Resistance rates were calculated using isolates categorized as resistant (R) as the numerator and the total number of tested isolates, represented by the sum of resistant (R), susceptible (S) and susceptible, increased exposure (I) as the denominator, in accordance with EUCAST recommendations for AMR surveillance. Strains were classified as multidrug-resistant (MDR), according to international consensus, defined as acquired non-susceptibility to at least one antimicrobial agent in three or more antimicrobial categories. [
47] MDR classification was performed only for isolates with sufficient available antimicrobial susceptibility data across multiple antimicrobial classes. Due to differences in routinely tested and reported antimicrobial panels, MDR assessment was not feasible for all isolates or bacterial species. The larger denominators found in individual resistance rates reflect additional isolates for which susceptibility testing was available for one or two agents but not all three. This occurred occasionally due to limitations in antimicrobial disk availability during the study period.
4.6. Serogrouping
Our laboratory screens for DEC groups using commercially available polyvalent O antisera (SSI Diagnostica, Hillerød, Denmark). Colonies with morphological characteristics compatible with Escherichia coli on CLED agar were selected for serological characterization.
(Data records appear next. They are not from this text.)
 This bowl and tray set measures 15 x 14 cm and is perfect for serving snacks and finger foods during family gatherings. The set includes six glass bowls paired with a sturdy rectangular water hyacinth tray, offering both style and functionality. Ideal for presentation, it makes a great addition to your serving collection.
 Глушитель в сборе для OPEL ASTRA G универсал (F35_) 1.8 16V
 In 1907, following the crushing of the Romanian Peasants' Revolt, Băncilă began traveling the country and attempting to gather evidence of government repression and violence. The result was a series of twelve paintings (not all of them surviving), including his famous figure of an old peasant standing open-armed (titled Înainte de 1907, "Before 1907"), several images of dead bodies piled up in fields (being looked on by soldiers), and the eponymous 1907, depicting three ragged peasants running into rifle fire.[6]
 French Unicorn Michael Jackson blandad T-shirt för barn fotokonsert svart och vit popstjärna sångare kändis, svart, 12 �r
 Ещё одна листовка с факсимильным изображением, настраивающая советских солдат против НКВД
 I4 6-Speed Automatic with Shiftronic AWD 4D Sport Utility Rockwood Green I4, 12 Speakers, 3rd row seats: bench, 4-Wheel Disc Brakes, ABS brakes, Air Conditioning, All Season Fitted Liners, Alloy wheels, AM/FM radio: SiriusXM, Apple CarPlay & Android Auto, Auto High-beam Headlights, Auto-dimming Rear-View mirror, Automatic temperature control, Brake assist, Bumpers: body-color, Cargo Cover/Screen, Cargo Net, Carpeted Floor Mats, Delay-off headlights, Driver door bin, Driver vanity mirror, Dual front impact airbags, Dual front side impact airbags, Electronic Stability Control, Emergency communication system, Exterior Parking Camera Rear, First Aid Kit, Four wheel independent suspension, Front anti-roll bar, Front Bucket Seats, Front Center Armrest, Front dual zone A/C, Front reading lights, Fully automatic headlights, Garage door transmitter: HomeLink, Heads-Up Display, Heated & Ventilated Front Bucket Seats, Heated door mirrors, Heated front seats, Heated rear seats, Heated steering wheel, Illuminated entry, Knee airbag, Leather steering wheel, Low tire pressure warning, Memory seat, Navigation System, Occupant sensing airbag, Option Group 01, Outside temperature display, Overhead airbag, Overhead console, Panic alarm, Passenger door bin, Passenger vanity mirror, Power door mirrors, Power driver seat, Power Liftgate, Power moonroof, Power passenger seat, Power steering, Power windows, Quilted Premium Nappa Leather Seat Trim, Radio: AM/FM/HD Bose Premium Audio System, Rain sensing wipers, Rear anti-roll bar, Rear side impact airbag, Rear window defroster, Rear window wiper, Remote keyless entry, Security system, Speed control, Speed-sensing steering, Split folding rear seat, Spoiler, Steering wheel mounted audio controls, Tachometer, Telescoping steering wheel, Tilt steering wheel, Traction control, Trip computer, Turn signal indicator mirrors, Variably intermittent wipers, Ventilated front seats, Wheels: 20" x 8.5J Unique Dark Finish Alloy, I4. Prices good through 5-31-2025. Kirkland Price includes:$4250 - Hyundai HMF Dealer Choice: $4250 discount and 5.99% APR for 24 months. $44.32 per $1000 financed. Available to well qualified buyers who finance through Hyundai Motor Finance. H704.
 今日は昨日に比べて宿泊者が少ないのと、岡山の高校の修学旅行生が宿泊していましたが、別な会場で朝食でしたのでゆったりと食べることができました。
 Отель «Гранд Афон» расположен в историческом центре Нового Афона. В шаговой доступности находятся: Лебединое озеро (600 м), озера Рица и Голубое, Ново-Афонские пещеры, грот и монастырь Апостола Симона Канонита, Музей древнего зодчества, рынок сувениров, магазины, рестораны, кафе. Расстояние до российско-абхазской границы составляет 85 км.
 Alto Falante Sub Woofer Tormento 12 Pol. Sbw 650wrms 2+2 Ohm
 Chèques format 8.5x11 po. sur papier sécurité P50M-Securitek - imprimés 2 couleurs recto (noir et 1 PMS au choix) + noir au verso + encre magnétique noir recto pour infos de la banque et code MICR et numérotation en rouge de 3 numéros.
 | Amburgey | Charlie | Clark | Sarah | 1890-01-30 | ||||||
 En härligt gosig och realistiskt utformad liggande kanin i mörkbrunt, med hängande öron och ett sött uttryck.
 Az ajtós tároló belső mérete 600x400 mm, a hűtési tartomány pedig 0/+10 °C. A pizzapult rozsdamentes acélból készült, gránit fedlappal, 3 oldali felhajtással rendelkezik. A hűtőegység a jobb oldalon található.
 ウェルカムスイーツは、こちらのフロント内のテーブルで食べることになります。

Identification of isolates reacting with diarrheagenic E. coli O antigens was performed by slide agglutination using the SSI polyvalent antisera Pools 1, 2 and 3. The OK O Pool 1 EPEC/VTEC/STEC antisera reacts with antigens O26, O103, O111, O145, O157; OK O Pool 2 EPEC antisera with antigens O55, O119, O125ac, O127, O128ab; OK O Pool 3 EPEC antisera with antigens O86, O114, O121, O126, O142. Even though Escherichia coli O111 and Escherichia coli O26 serogrouping is included in Pool 1, we also used mono-specific OK antisera when Shiga toxin-producing Escherichia coli O111 and Escherichia coli O26 was strongly suspected. Molecular confirmation of pathotype-specific virulence genes was not available. Given the clinical nature of stool diagnostics, Salmonella isolates were also identified to the serogroup level, according to the White–Kauffman–Le Minor scheme, described in the WHO reference manual (9th edition, 2007) and its subsequent published supplements, as serovar identification was beyond the scope of our routine diagnostics. We used Salmonella antisera (SSI Diagnostica, Hillerød, Denmark) O Group Pool OMA, O:2, O:4, O:7, O:9. Identification of the Vi capsular antigen was performed using the Salmonella Vi monoclonal antibody (SSI Diagnostica, Hillerød, Denmark).